Diplomatic attendance of ceremonies is a problem of public image, but corporate engagement holds additional, and much stronger, economic ramifications. The 2022 games’ diplomat-only boycott problem perpetuates the fiction that Chinese firms are alone in their responsibility and culpability in the human rights problems advocates have raised.

In both China and the United States, the major Olympic sponsors hold considerable market shares in their respective sectors, and remain politically connected to American political leaders. For many, their operations in China remain tied to the Xinjiang region and its political state of affairs, including what the State Department has described as crimes against humanity.

Coca-Cola, which holds extensive bottling investment and distribution commitments in its Chinese branches, lobbied against the Uyghur Forced Labor Prevention Act, which named one of its sugar suppliers as allegedly linked to forced labor. Sportswear giant Nike also pushed back on allegations of forced labor in its textile operations, asserting that it conducted audits on its supply chain partners for shoes and clothing.

Technology is even more closely linked to Chinese political ambitions and standards. Tesla operates storefronts in Xinjiang. Airbnb has been profiting off listings in Xinjiang to majority Han ethnic vacationers while denying lodging to Uyghurs and other minorities.  When asked about the possibility of American government pressure on business in Xinjiang, U.S. State Department spokesman Ned Price indicated no such plans were in the works. He said: “The private sector has at its fingertips—and this includes American companies—a large volume of information of the concerns that the United States has put forward, that we have put forward together with our partners and our allies. And it is up to them to make their own decisions about their practices in relation to what we have very clearly said is ongoing in Xinjiang.” In short, a government position— beyond disappointment with firms operating as sponsors or business partners to the games— has yet to emerge.

In these types of spaces, investment leaders have talked more about decoupling from problematic Chinese policies than taken concrete actions to do so. Digital platforms such as Amazon often use the guise of U.S.-China competition to fight antitrust oversight hearings while complying with Chinese government requests to shut down negative reviews of Xi Jinping’s book.
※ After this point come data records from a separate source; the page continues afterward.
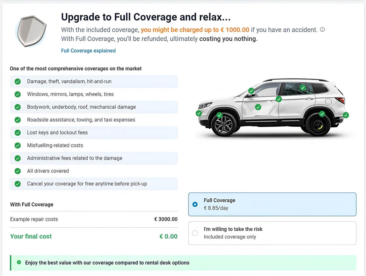 Dagegen bietet DiscoverCars eine eigene Versicherung – “Vollschutz”, die vorteilhafter ist als ähnliche Angebote lokaler Autovermietungen, Schutz für Glas, Reifen und Unterboden des Fahrzeugs abdeckt und null Selbstbeteiligung hat. Zum Beispiel kostet “Vollschutz” für Fiat Panda oder ein ähnliches Auto dieser Klasse im Juni 2026 7,88 Euro pro Tag bei Miete ab einer Woche.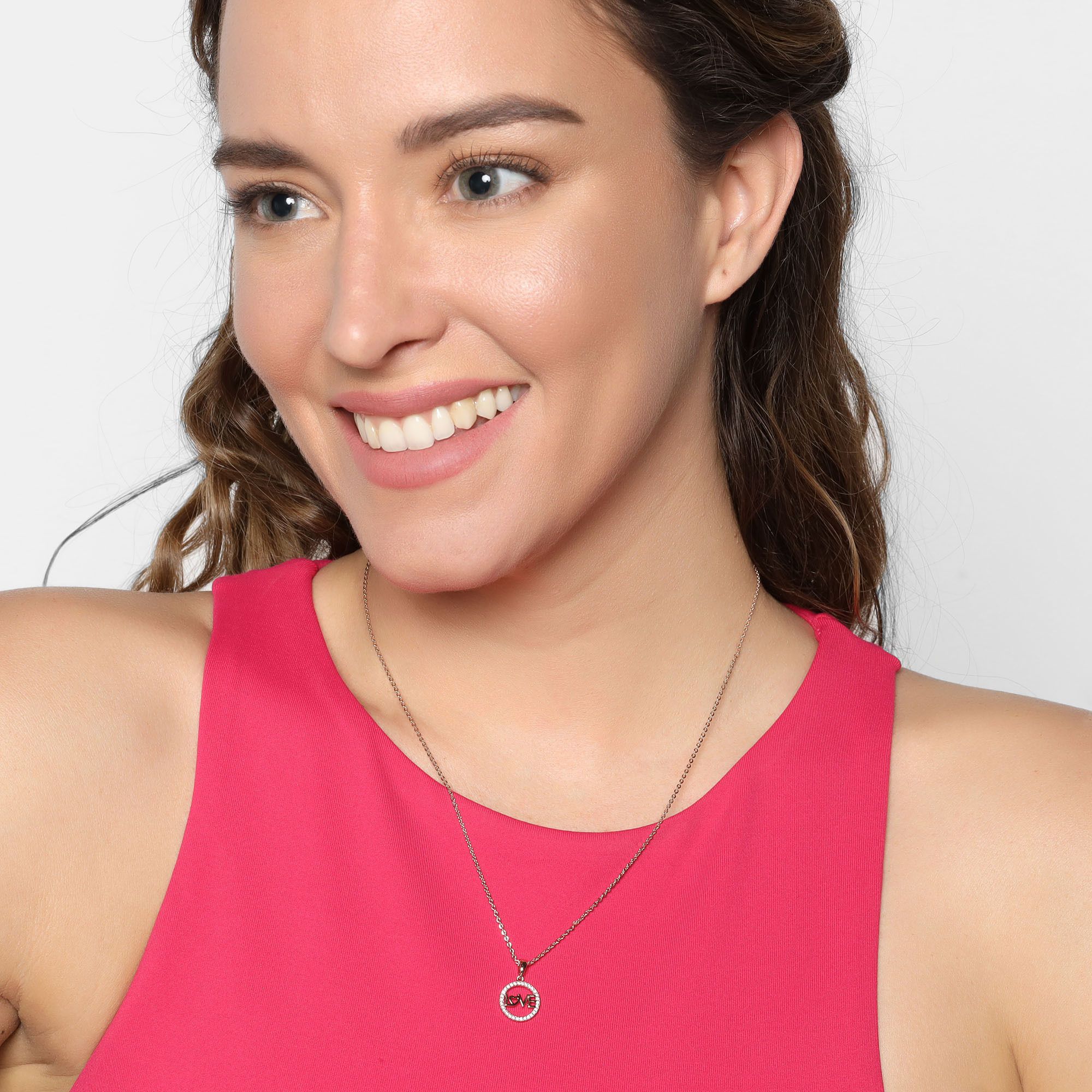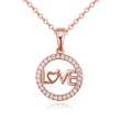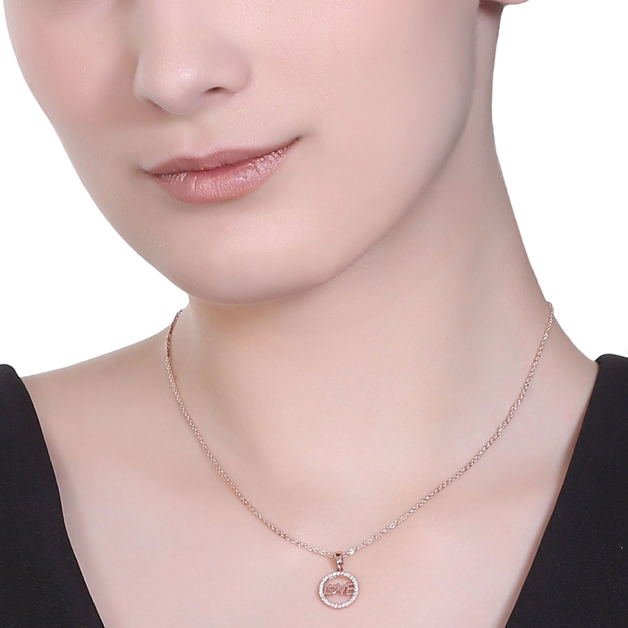 Precioso dije con cadena en baño de oro rosa de 18 quilates, fino diseño de aro, con la palabra "LOVE" e incrustaciones de cristales en color blanco. Fabricado en una estructura de aleación de platino con rodio sin níquel.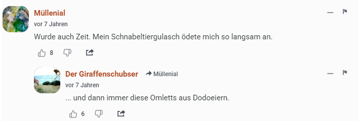 网友B:……然后总是吃那种用渡渡鸟蛋(已灭绝)做的煎蛋卷。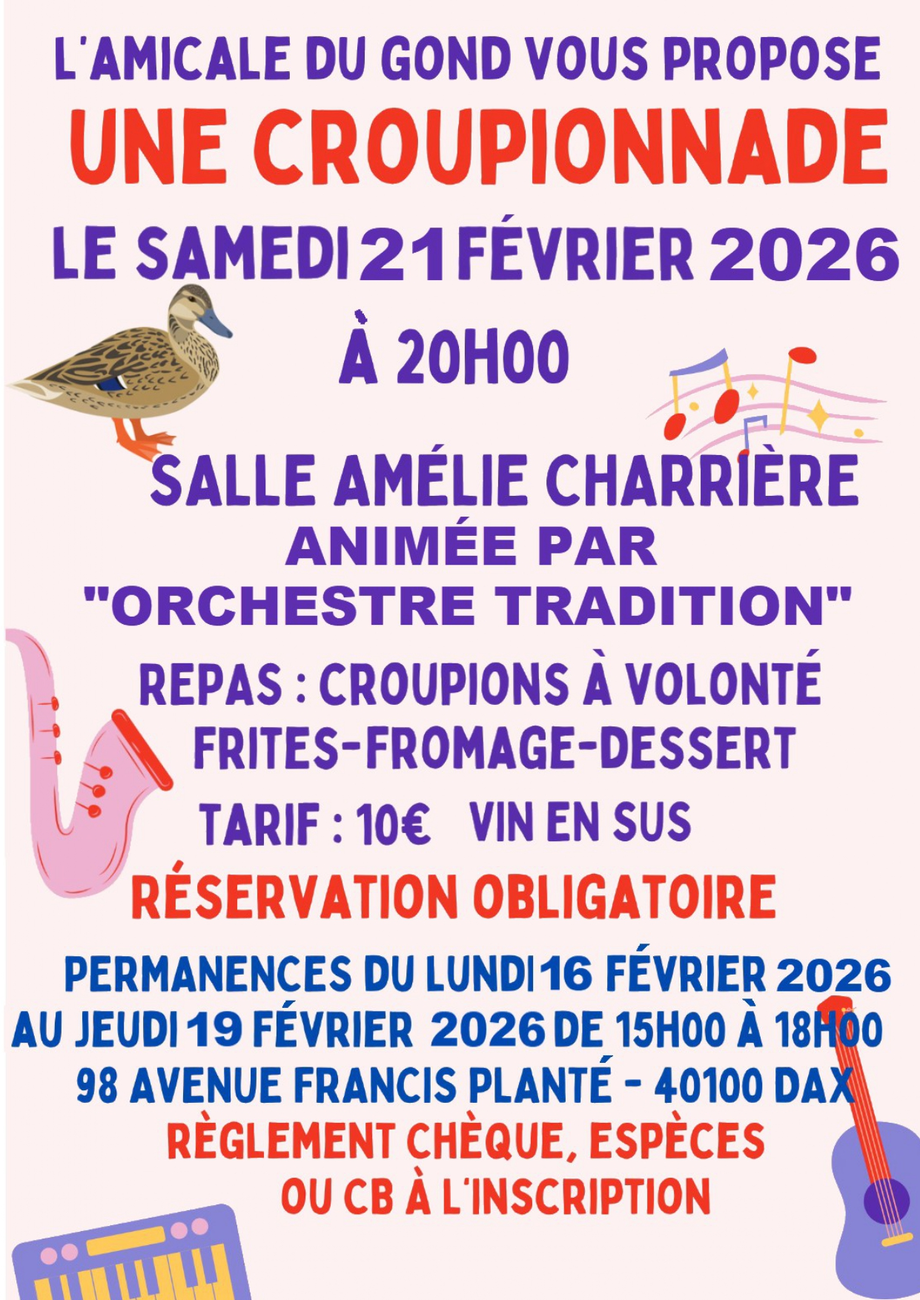 Cet événement a été renseigné par un organisme institutionnel (OT Grand Dax). Date de dernière mise à jour le 19/01/2026.
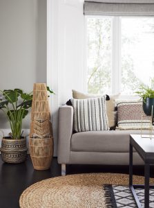 Raffia woven plants holders and wicker lampshades add a natural element.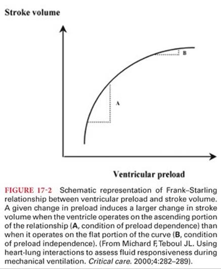 Fluid responsiveness may be defined as a 15% increase in cardiac output following a 500-mL IV fluid bolus, indicating that the patient is still on the ascending limb of the cardiac output/end diastolic volume curve, also referred to as the cardiac function curve17 (Fig. 17-2). Fluid administration to a patient on the plateau part of the curve may be of little benefit and result in adverse effects. Filling pressure measures, particularly central venous pressure, correlate poorly with blood volume, and changes in central venous pressure have been shown to poorly predict hemodynamic response to fluid challenge.18Stroke volume changes due to increases or decreases in right ventricular preload may be used to assess fluid responsiveness. Positive pressure ventilation decreases right ventricular stroke volume by decreasing venous return to the right heart and increasing right ventricular afterload. The decrease in right ventricular stroke volume is passed on to the left ventricle over subsequent cardiac cycles and if the left ventricle is preload dependent, decreases in the left ventricle stroke volume will cause a decrease in the arterial pulse pressure. These cyclic changes associated with positive airway pressure are greater when the ventricles are functioning on the steep, ascending portion of the cardiac function curve. Variation in the arterial pulse pressure (PPV) can be derived from analysis of the arterial pressure waveform and variation greater than 12% to 13% is predictive of volume responsiveness.19 Other measures of these positive pressure–associated stroke volume changes include systolic pressure variation of the arterial waveform, stroke volume variation (SVV) derived from arterial pulse contour analysis, pleth variability index derived from pulse oximeter waveform analysis, inferior vena cava diameter variation measured by echocardiography, and descending aortic blood velocity measured by esophageal Doppler. Measures dependent on variations caused by positive pressure ventilation are limited by the presence of arrhythmia, spontaneous breathing, tidal volume settings (8 mL/kg ideal body weight minimum required for PPV and SVV),19 low lung compliance (<30 mL/cm H2O), increased abdominal pressure, and open chest surgery.20

Sanctions on Chinese corporations have linked Chinese technology developers of hardware and data solutions to Xinjiang law enforcement, but the bulk of American state actions still stop short of even censuring, or limiting, activities by American firms.

Fundamentally, access to the Chinese market has become a rote excuse for businesses to avoid action. These corporations, which tout innovation and business ingenuity to financial stakeholders, boast about their unique strategic acumen while simultaneously deciding that supplying, servicing, and continuing business under surveillance is an acceptable value.

This link has been forged not simply through market interests but through the cultures of corporate work in and adjacent to surveillance technology. Researchers of the Xinjiang crisis who scrutinize the companies building its cameras, databases, and policing technology find more similarities with American technology firms than differences.

In their book Blockchain Chicken Farm, writer Xiaowei Wang visits the headquarters of facial recognition firm Megvii, which powers Xinjiang’s surveillance systems, and notes the international education and banal corporate culture of white-collar employees there: “It would have been easy to believe the company behind China’s Skynet had a Soviet-era secrecy … at least then a person, a company, a country could serve as the symbol of sinister surveillance. Instead I was met with a total indifferent openness combined with the dry, surgical threat of a nondisclosure agreement. It didn’t remind me of Silicon Valley. It was Silicon Valley.”